There is material below. Print exactly the lines starting at the line with "Timeless yet still" and ending at the line with "4月4日,掘金队球员尼古拉·", ends included, and no others.

- _Recorded data_:
★ ★ ★ ★
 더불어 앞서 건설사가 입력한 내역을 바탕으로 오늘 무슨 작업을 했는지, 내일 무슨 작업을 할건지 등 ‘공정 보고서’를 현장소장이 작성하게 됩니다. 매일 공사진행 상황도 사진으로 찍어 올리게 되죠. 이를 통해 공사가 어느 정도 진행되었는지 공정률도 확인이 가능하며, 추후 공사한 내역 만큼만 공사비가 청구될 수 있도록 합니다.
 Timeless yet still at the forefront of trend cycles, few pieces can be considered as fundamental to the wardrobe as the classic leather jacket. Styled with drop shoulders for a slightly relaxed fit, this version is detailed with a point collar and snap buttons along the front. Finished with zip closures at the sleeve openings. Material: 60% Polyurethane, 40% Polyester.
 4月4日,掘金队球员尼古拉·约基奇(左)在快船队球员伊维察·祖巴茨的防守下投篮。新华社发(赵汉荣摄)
★ ★ ★ ★
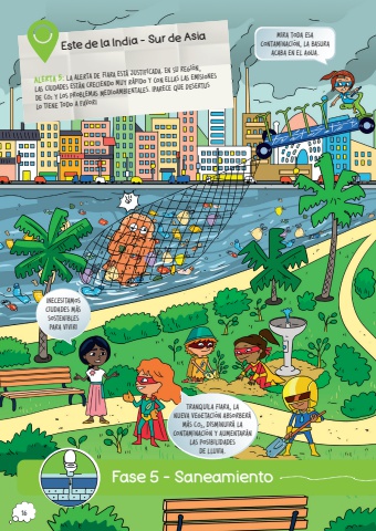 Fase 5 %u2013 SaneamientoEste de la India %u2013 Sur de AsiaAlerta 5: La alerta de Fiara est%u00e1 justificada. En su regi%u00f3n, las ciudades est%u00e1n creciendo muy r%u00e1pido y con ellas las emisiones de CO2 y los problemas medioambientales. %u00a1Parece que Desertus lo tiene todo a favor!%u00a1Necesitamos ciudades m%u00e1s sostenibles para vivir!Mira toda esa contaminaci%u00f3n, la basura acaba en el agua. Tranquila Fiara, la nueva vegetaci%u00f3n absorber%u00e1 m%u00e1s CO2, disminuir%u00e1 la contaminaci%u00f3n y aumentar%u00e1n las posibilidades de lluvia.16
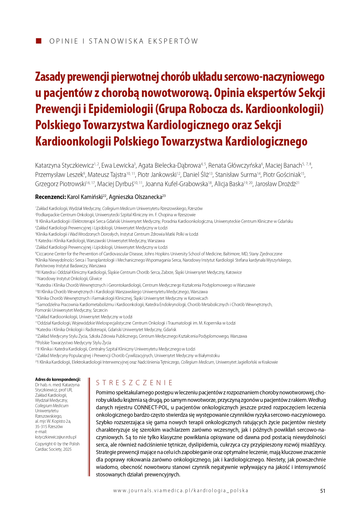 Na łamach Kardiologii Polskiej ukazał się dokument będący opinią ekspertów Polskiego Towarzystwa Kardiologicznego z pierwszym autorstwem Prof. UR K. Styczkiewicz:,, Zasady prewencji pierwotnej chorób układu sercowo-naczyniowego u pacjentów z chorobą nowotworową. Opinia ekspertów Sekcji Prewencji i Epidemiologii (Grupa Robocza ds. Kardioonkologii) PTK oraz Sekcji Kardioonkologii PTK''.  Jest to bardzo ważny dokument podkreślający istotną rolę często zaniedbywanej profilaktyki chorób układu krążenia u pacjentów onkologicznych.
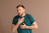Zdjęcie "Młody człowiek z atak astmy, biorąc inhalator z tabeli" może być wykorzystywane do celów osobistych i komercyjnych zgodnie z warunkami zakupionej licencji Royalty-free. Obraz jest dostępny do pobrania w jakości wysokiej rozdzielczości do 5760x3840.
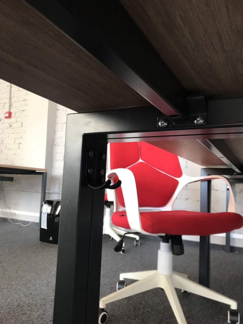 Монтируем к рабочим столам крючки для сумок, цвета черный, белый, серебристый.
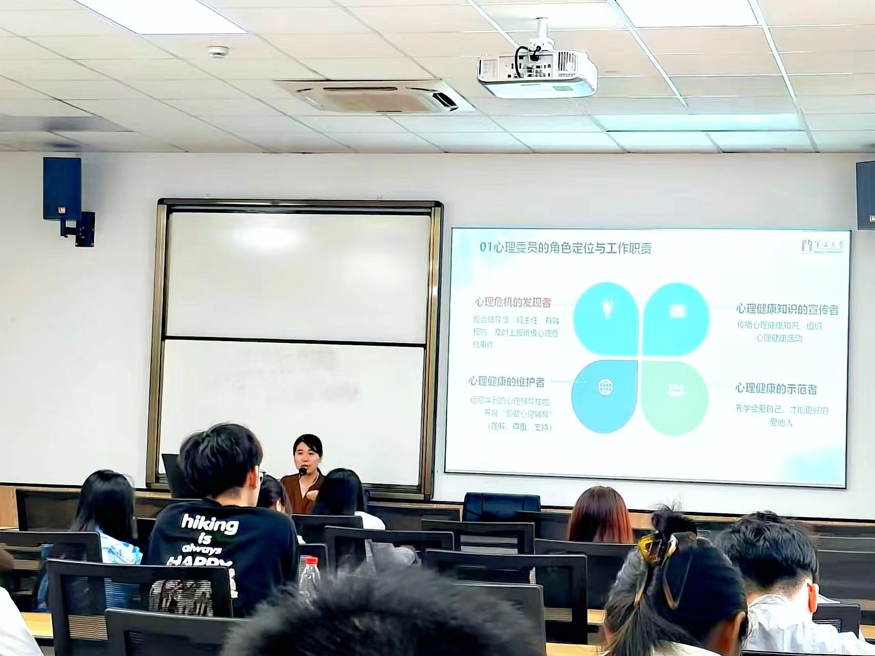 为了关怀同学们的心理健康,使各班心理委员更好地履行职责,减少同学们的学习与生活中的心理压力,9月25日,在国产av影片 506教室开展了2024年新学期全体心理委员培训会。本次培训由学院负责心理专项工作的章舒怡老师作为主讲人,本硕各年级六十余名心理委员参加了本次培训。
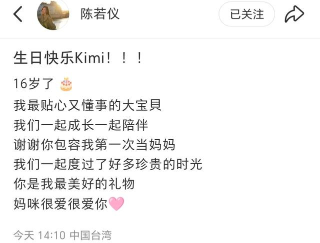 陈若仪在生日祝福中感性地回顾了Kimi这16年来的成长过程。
★ ★ ★ ★
- _The completed task_:
 Timeless yet still at the forefront of trend cycles, few pieces can be considered as fundamental to the wardrobe as the classic leather jacket. Styled with drop shoulders for a slightly relaxed fit, this version is detailed with a point collar and snap buttons along the front. Finished with zip closures at the sleeve openings. Material: 60% Polyurethane, 40% Polyester.
 4月4日,掘金队球员尼古拉·约基奇(左)在快船队球员伊维察·祖巴茨的防守下投篮。新华社发(赵汉荣摄)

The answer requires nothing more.